Mark Wedel wrote:

Alex Schultz wrote:

<snip> However believe I have thought of a solution that would take much less effort and would shave off the time it takes for the counterspell checking: Have a "countermap" which lists the number of counterspell objects on each square of a map, when one counterspell object is added, it adds one to the correct spot in the array (or whatever data structure it is), and when removed counterspells subtract one from that spot on the array. Then the big loop that currently goes through every object on the square for counterspells only has to quickly check the "countermap". This does not completely get rid of the issue, though I feel this solution is the most efficient in gain vs. complexity.


 Its not really that simple however.

True, what I suggested isn't simple, but it is simpler than any method I've thought of to merge all the fire objects created by a meteor swarm.


It isn't only that the space in question has to be examined for counterspells - it is more generic - when an object is inserted, the objects on the space have to be examined to see if any of the objects on that space may somehow affect the inserted objects.

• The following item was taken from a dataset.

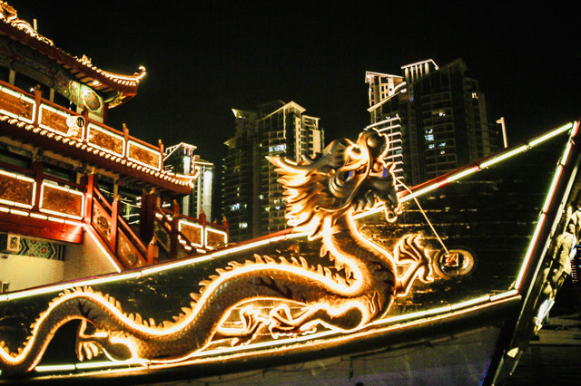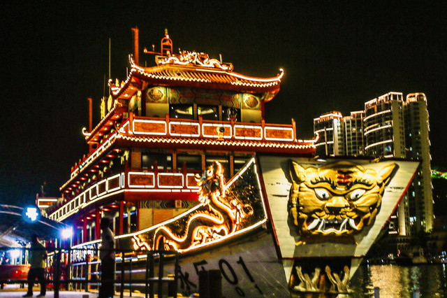 当永乐号游轮带着游客出海的时候,游船灯火通明,一时之间有种穿越的感觉,游船一层演绎着梦回大唐的剧目,似乎当时郑和下西洋的场景再现眼前。
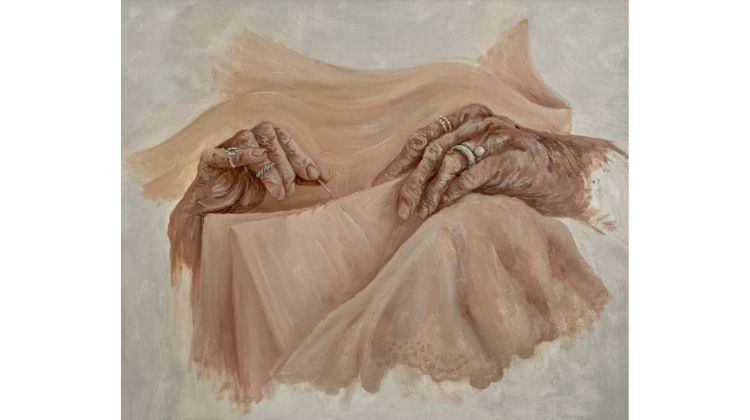 Nas pinturas e desenhos de partes do corpo de mulheres maduras, há um paralelo traçado entre as rugas e as rendas, gerando um debate sobre a pele, a costura da pele, estética e intervenções.

Indeed, though according to my profiling, the counterspell checking is by far the largest portion of this.

A more likely fix might not be counterspells, but basically record the type/subtype of the object(s) on the space that have check_walk_on set (right only need to know there are two different types). The assumption being an object of the same type/subtype doesn't effect itself.

Thus, if you get a square and the only objects with walk_on set are the same type of the object as we are inserting, we don't need to do any checking. When types are different, then we go through and see if there are directors, exits, counterspells, whatever. This would only take a few bytes - if there are 4 different types of objects on the space, we don't need to record the properties of all 4 - we just need to know that there are 4 different ones so have to go to old fallback. If there is only 1 type, we need to know that to check against what the new object is.

Hmmm... this sounds like it might be a good solution. However it should be noted that this wouldn't completely fix MS slowness of course, just fix one of the several reasons why it's so bad, which would be a good fix to do even if the other aspects of MS slowness (i.e. the raw amount of flame objects) were fixed.